(Stored records)
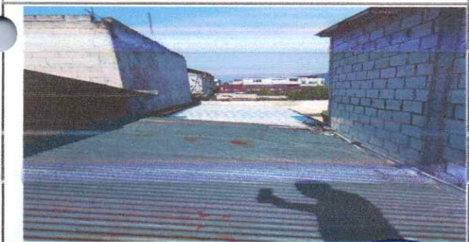
Suministro e instalacion estructura para ampliacion de cocina
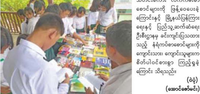
(ဝဲ) (အောင်စော်မင်း)

သွားမည်ဖြစ်ကြောင်း သိရသည်။ အဆိုပါ သင်တန်းသို့ ကျောက်ဆည်ခရိုင်ရုံးနှင့် ခရိုင်ကြီးကြပ်မှုအောက်ရှိ ကျောက်ဆည်၊ စဉ့်ကိုင်၊ မြစ်သား၊ တံတားဦးမြို့နယ်များရှိ ပြန်ကြားရေးနှင့်ပြည်သူ့ဆက်ဆံရေးဦးစီးဌာနမှ ဒုတိယဦးစီးများ၊ စာကြည့်တိုက်လက်ထောက်(၃)၊ ရုပ်သံကျွမ်းကျင်(၃)၊ အငယ်တန်းစာရေးများ တက်ရောက်ခဲ့ပြီး သင်တန်းအား ဇွန် ၂၀ ရက်မှ ၂၁ ရက်နေ့အထိ ၂ ရက်ကြာ စာတွေ့လက်တွေ့ စနစ်တကျ သင်ကြားပေးသွားမည်ဖြစ်ကြောင်း သိရသည်။ (၄၈၅)
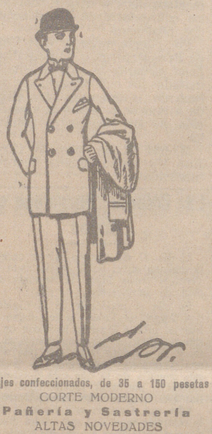
Trajes confeccionados, de 35 a 150 pesetas

PLAZA MAYOR, 42 BURGOS LAIN CALVO 9 Y 11
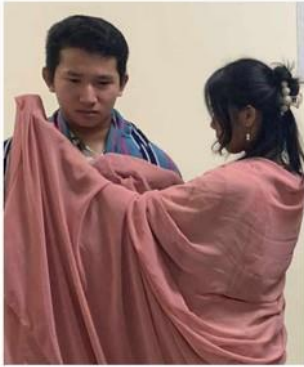
Mary, wife of Cleophas
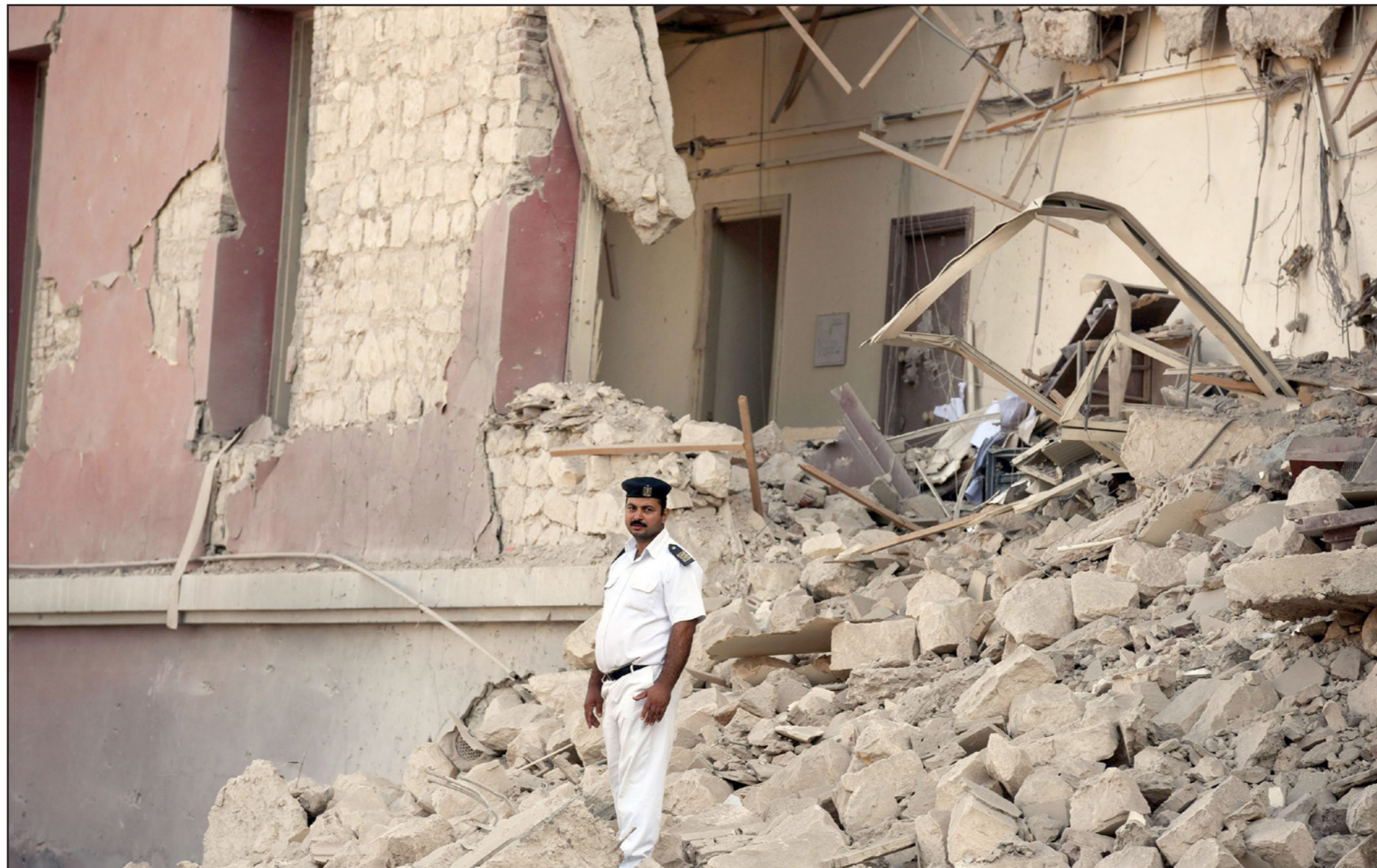
رجل أمن مصري أمام انقاض القنصلية الإيطالية إثر الانفجار الذي وقع السبت الماضي
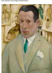
fig. 7 De weinige bronnen interpreteren het selectieve van de collectie Van Geluwe als een teken van zijn generositeit ten aanzien van jonge kunstenaars.
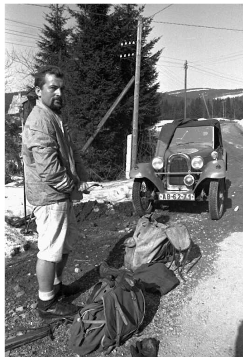
A takhle jsme v té době cestovali (1996). Ty tam byly cesty autostopem. Už jsme vlastnili vlastní vozy.
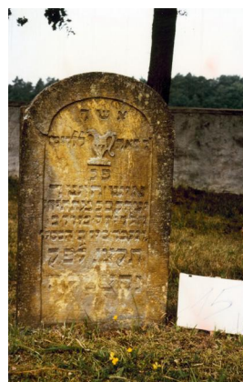
Jüdischer Friedhof Ermershausen.
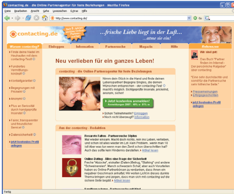
Abbildung: Screenshot Startseite contacting.de

contacting.de - die Online-Partneragentur für feste Beziehungen
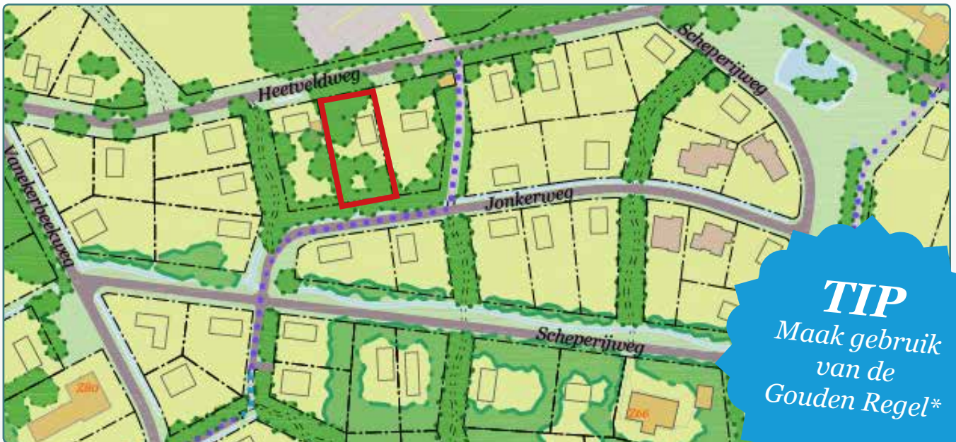
Situatietekening kavel 89
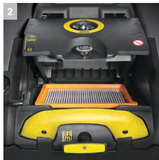
2 Эффективная система очистки фильтра с механическим управлением
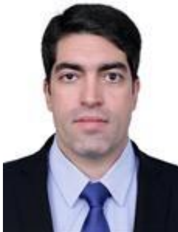
Otto Alencar Filho (PSD/BA)
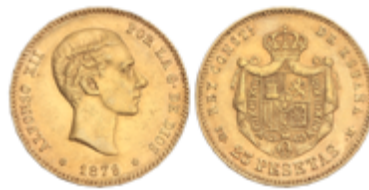
559 350 €
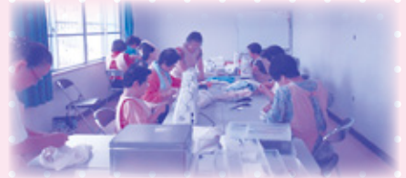
ひかり学園奉仕作業
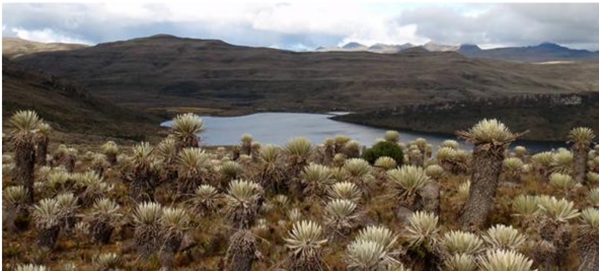
Figura 2. Parque Nacional Natural del Sumapaz.
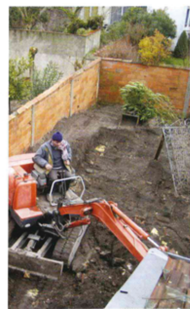
Le terrassement, le périmètre du bassin a été tracé et l'on détermine la surface à creuser, laquelle inclut un dégagement permettant l'accès aisé du réseau de canalisations.
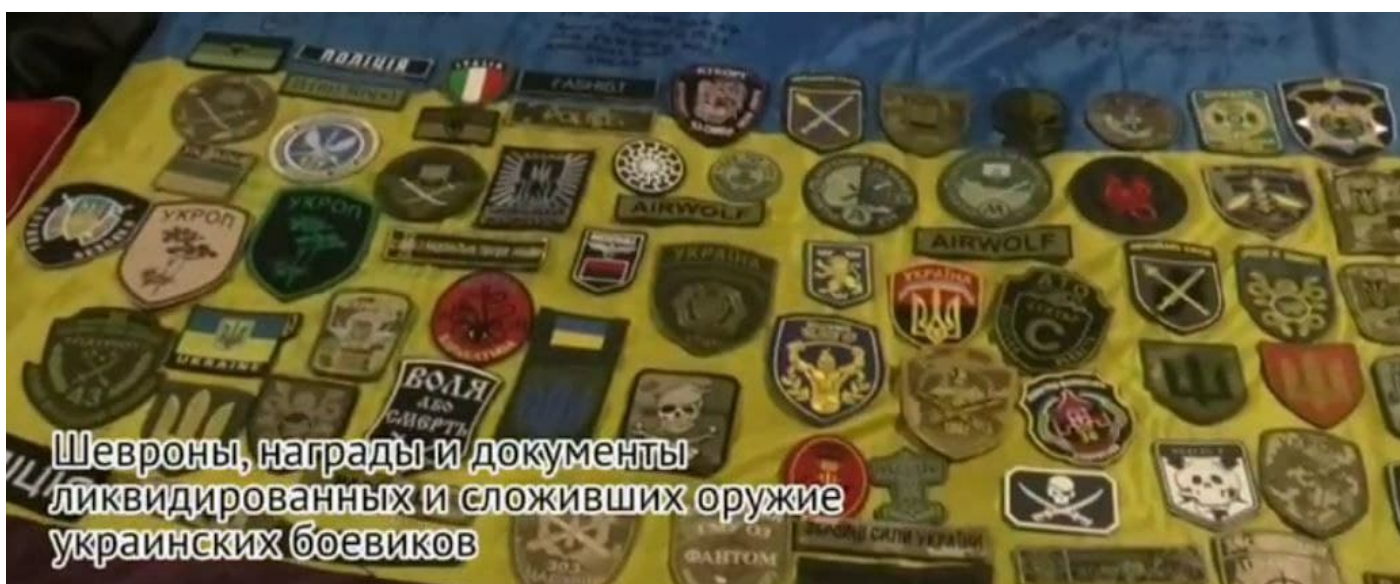
Nášivky zajatých ukrajinských vojáků a žoldáků

Ti totiž žoldákům z ČR slibují beztrestnost a abolicí, pokud teď hned půjdou bojovat na Ukrajinu za Kyjev. Tohoto vývoje se Američané děsí, protože k tomu nemělo dojít. To je nebezpečná situace, kdy cizí žoldáci se státní podporou ze zemí NATO mohou být shledáni jako regulérní vojáci NATO, a v tom okamžiku by se konflikt dostal za hranice Ukrajiny. A v takové situaci nechtějí Američané do války proti Rusku, to nebylo v plánu, protože plánem byla jen izolace Ruska, ne 3. světová válka. Jenže, Američané jsou holt znovu bez konceptuální gramotnosti, éto děbili.
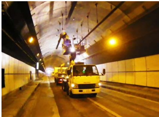
吊り金具撤去状況
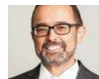
→ Carsten Gehring www.tetental.com
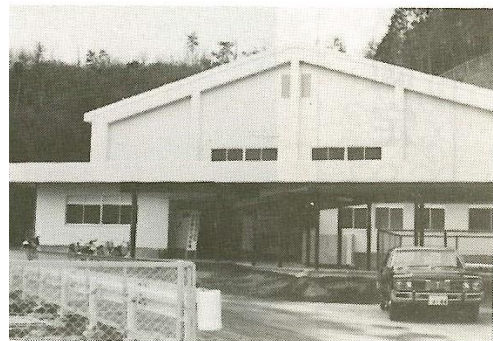
S53 (1978年) 2月6日 体育館落成式
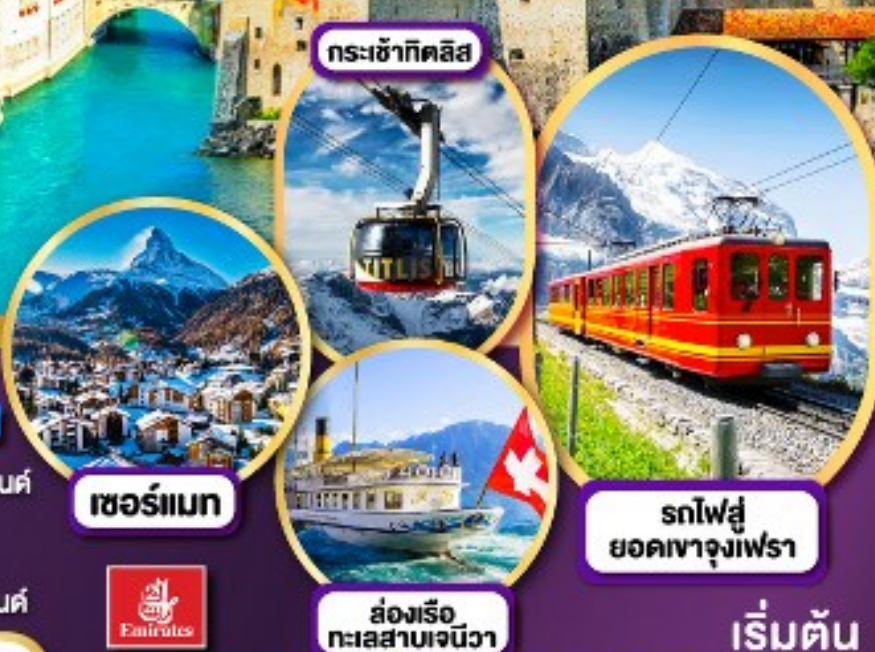
กระเช้ากิตลิส

* Work request:
Using only the data above, copy out the lines that include the word "contacting".

* Final answer:
Abbildung: Screenshot Startseite contacting.de
contacting.de - die Online-Partneragentur für feste Beziehungen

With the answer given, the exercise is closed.